Last week the Economic Policy Institute released its annual report card on the state of American wages. It contains a lot of good news, including that hourly wages have finally risen above 2007 levels. Another bit to celebrate: companies are slowly closing the gender wage gap, which is down to 84 cents on the dollar, versus 78.3 in 2000. Hispanic workers have also been closing the wage gap with white workers over the last 17 years. But the report also brought to light some very troubling news: employers have actually increased the black-white wage gap by 6 percentage points since 2000.

I just came across Dylan Matthews’ compelling piece from last year about his experience donating a kidney to a complete stranger. Matthews writes about how his donation kicked off a chain that ultimately led to four people getting kidneys. These transplants are literally life-saving for recipients, and lead to no quality of life change for donors, except in extremely rare cases. It’s an impressive and admirable story that, for me, begs an important question: what are my metaphorical two coats, and why aren’t I giving one away?

Eric

Even when oil trains don’t blow up they can be dangerous. A Minnesota jury awarded $15 million to a worker who was poisoned by noxious fumes that caused neurological damage while he was handling oil-laden rail cars.

Farhad Manjoo describes what it was like to spend two months unplugged from electronic news sources and return to print:

It has been life changing. Turning off the buzzing breaking-news machine I carry in my pocket was like unshackling myself from a monster who had me on speed dial, always ready to break into my day with half-baked bulletins.

Now I am not just less anxious and less addicted to the news, I am more widely informed (though there are some blind spots). And I’m embarrassed about how much free time I have — in two months, I managed to read half a dozen books, took up pottery and (I think) became a more attentive husband and father.

Most of all, I realized my personal role as a consumer of news in our broken digital news environment.

In a thought-provoking piece, Tim Kreider wonders whether millennials’ absolutism is exactly what we need for the US gun control debate. A sample:

I am creeped out by the increasing dogmatism and intolerance of millennials on the left; I felt a generational divide open up under me last year… I just can’t help noticing that the liberal side isn’t much fun to be on anymore.

Yet this uprising of the young against the ossified, monolithic power of the National Rifle Association has reminded me that the flaws of youth — its ignorance, naïveté and passionate, Manichaean idealism — are also its strengths. Young people have only just learned that the world is an unfair hierarchy of cruelty and greed, and it still shocks and outrages them.

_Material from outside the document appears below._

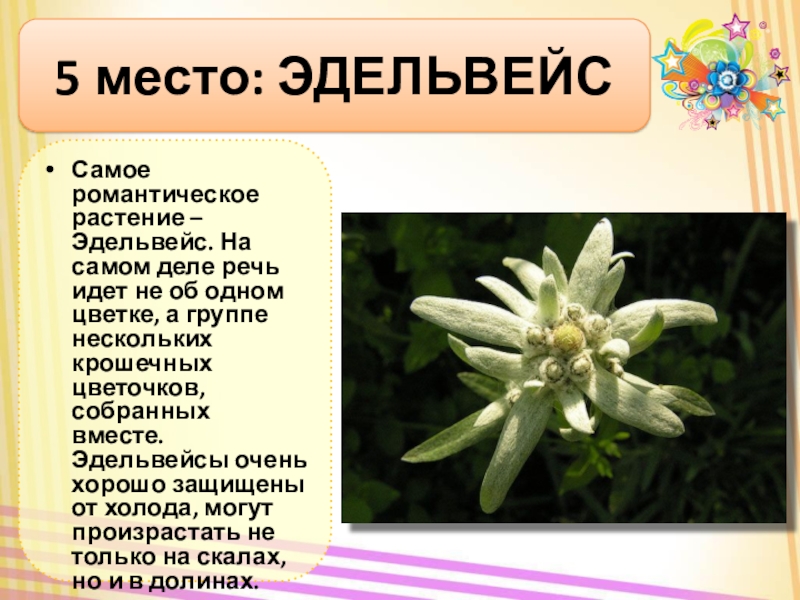 5 место: ЭДЕЛЬВЕЙССамое романтическое растение – Эдельвейс. На самом деле речь идет не об одном цветке, а

The Cut is running a series of absolutely first-rate meditations on how to raise a boy. I’m about halfway through and I cannot recommend it highly enough. If, like me, you’re raising a boy, please read these.

Aven

Keeping the pressure on the gun control reporting, it turns out Moms Demand Action isn’t the only gun control group to experience unprecedented leaps in membership and attendance over the past month. Everytown for Gun Safety, The Brady Campaign to Prevent Gun Violence, and Sandy Hook Promise are all reporting huge leaps in membership, new chapters, and petition signatories since the Parkland shooting. As anyone who has ever managed volunteers will tell you, having the capacity to suddenly absorb an influx of new activists is no small task, but these organizations have been quietly laying this groundwork for years. According to Shannon Watts, founder of Moms Demand Action,

“We built the machinery over the past five years that can accommodate all these new members. We have a chapter in every single state. It’s a robust leadership system with volunteers, and each has a different role. That has enabled us to plug them in immediately.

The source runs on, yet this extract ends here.